But without a comprehensive reform of how the city deals with mental illness, the overhaul risks recreating the same problems that gave Rikers such a bad name.
This is not a minor issue. Today, Rikers is one of the three largest providers of psychiatric care in the country. (The other two are also not hospitals or clinics but jails: the LA County Jail in Los Angeles and the Cook County Jail in Chicago.) At any given moment, more than 40% of its population has a mental illness; around 10% have a serious mental illness.
And while the overall population has dropped, the proportion of people with mental illness keeps going up, from about 30% in 2010 to more than 40% today Meanwhile, people with mental illness spend on average twice as long in jail as other prisoners.
In its “road map” for closing Rikers, the city has laid out 18 strategies to make the criminal justice system “smaller, safer fairer.” But it provides only two strategies specifically aimed at mental illness: finding non-jail alternatives for sick people and building more psychiatric units for those who end up behind bars anyway.
These two approaches are woefully insufficient for a challenge this big. But the city shows insufficient seriousness about making even them happen. The result will be ever more lives falling between the cracks.
Take Kyle Muhammad (not his real name), a man I’ve followed for several years. I’ve met and heard stories of many like him; attorneys and social workers in the city, too, say his story is fairly typical. If there’s something unusual about Muhammad’s experience, it’s that he’s smarter and more driven — and thanks to his very dedicated mother, has a better support system —than many in his position. Many are in much worse shape. When I met him at Rikers in 2015, he was several months into what would end up being a nearly two-year stint there. And like nearly everybody who is held at Rikers, this was before he was ever tried or convicted.
An African-American man in his mid-50s, he developed schizophrenia as a teenager. With medication, he had been able to go to college, help raise two daughters, and hold down jobs as a school-bus driver, EMT and janitor.
But like many with mental illness, whenever his medication was interrupted, his life fell apart. He’d been in and out of psychiatric hospitals and jail, too — mostly on low-level misdemeanors like turnstile jumping and selling loosies.
This time, he was charged with assault. The cops said he pushed over an elderly woman. Muhammad said he knew the woman and accidentally knocked her down when he greeted her.
What nobody disputes is that Muhammad was off his medication in the weeks and months leading up to the incident. The day before his arrest, his mother had gotten a mental health warrant — a piece of paper that would allow him to be hospitalized against his will. Ironically, with the warrant, the NYPD would have been responsible for delivering him to the hospital.
Yet the NYPD officers who stopped him for the incident with the old lady arrested him instead.
The city has promised to build at least two drop-off centers, crisis facilities where a person in a mental health emergency could be brought instead of being taken to jail. But the city still has not broken ground on them. In jail, not surprisingly, Muhammad’s mental health deteriorated. After more than a month there, at one of his first court appearances, he had a meltdown in front of the judge, yelling about his lawyer and the violation of his Constitutional rights. Court officers dragged him, kicking and screaming, out of the courtroom.
The judge ordered what’s known as a 730 exam, to see if he was competent to stand trial, but he had to spend another four months waiting to get evaluated. While better than some states, where wait times can extend months or longer, in New York City, it takes, on average, 43 days to complete an evaluation; there are currently 186 people waiting for a mental health competency exam here.
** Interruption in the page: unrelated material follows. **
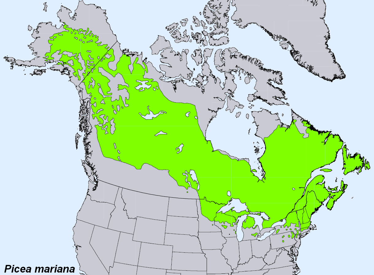 Range map of black spruce (Picea mariana)

If a person is found incompetent to stand trial, there are sometimes further delays in getting treatment at the forensic psychiatric centers at Kirby or Mid-Hudson. The city is working to speed up the process; a new pilot program is testing ways to make it more efficient.
Muhammad, meanwhile, grew sicker. His mother told me about traveling to Rikers to bring him a shirt at Rikers to wear at a court date. When it turned out that the color she’d brought — white — was forbidden for security reasons (some corrections officers’ uniforms include white button-down shirts), he made a fuss so big that officers escorted him out of the visitors’ room.
When Muhammed was finally admitted to Kirby in 2014, it took six more months for him to be restored to competency — that is, made sane enough to stand trial — during which time his case was put on hold.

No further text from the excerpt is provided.